まあ主に言いたいのはこんなところなので、あとはおまけ。
・『心残りは皆を成仏させること』→『奏には傍にいてほしい』
 言わずもがな主人公にして死神の音無さん。
 勝手すぎるだろ。
 成仏ターゲットにユイを選んだときの軽さ、『次は誰にすっかな』の名言は
 各所で突っ込まれてるので、あえて言及はしません。
 そういえばエピローグで、転生した奏と音無がいますが。
 音無は最終的にあの世界から成仏したってことか。
 『この世界に残って~』はどうしたんだよ。
 それも奏がいなければただの口実か。
・『奏のことが好きだ』『私はただ"ありがとう"が言いたくてここにいる』
 奏はドライでしたね(笑)
 奏から好きという言葉が一度も出なかったというのは違う意味で泣ける。




・・・まあこんなとこです。

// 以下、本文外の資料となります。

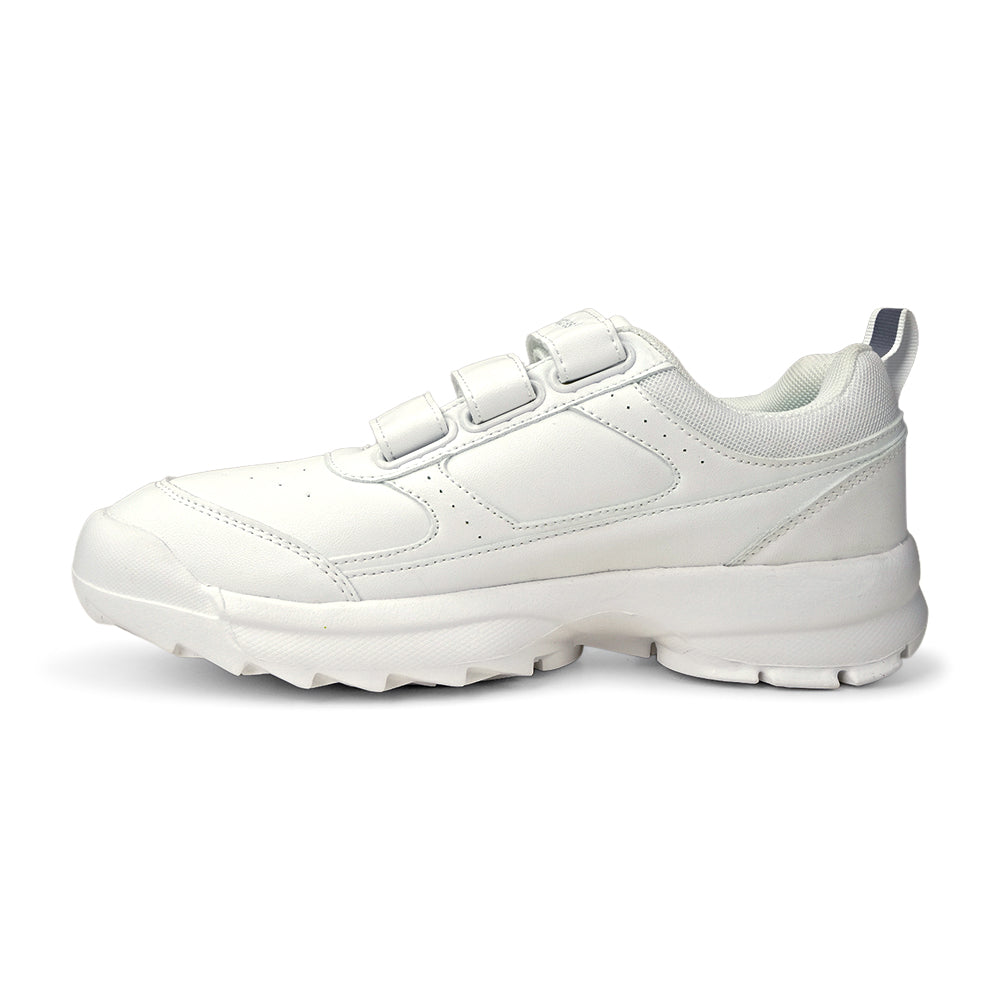 The easy-to-use hook-and-loop closure provides a quick, secure fit without the hassle of laces. Crafted for support, the shoe features a chunky, yet lightweight outsole for excellent traction and cushioning, ensuring all-day comfort. This crisp white trainer is the ideal choice for healthcare professionals or any setting demanding a smart uniform shoe.

書いてて疲れた。
構想にかなり時間をかけて準備してきたのにこのザマはどうなのよ。
まあ脚本を担当された麻枝氏が
『話作るのにプロット作らない』
というのが公式に明かされてるので、
破綻は起こるべくして起こったのだろうが。
仮にもエロゲライターなんだし、ゲームとは違うアニメ畑だからってこの理屈は通用しないでしょ。
なのにしっかりグッズの売り上げは出てる、これがなにより悔しい
ええ、こんな延々と批判記事書いたのも、感動できなかった、泣けなかった、
そんな自分が悔しい
から(爆)
確かに人より感受性は薄いし素直じゃない人間だってのは自覚もしてる。
ただ、CLANNADの朋也と親父の和解は泣けたんだよ。
ABは整合性が取れてないのが堅牢な防波堤になってるから泣けないんだよ。

と思ってるうちに気付いたけど、一時期の"感動ブーム"批判に通じるんですね。
結局、感動できる自分・泣ける自分に酔ってるだけのこと。
それはCLANNADで泣いた自分にも言えるんだけど。
音無さん、CLANNADで両親のことを考えて泣いた僕の思いは本物なんでしょうか?



そろそろ締めにしたいと思います。
駄文長文で申し訳ないです。
ここまで飽きずに読んでくれた方には無上の感謝を。
ご意見・ご感想などありましたらお聞かせいただけると嬉しいです。
『ABで泣けないなんて非国民だ』『アンチ氏ね(or死ね)』的なのは
ちょっと困りますけど。
僕も『なんとなく嫌い』ではないのでなるべく理屈で批判したわけだし。
感動できたなら『何に感動したか』はぜひ教えてほしいです。
僕がアンチに凝り固まって見えなかったものがあるかもしれないですし。

それでは本当にこの辺で失礼します。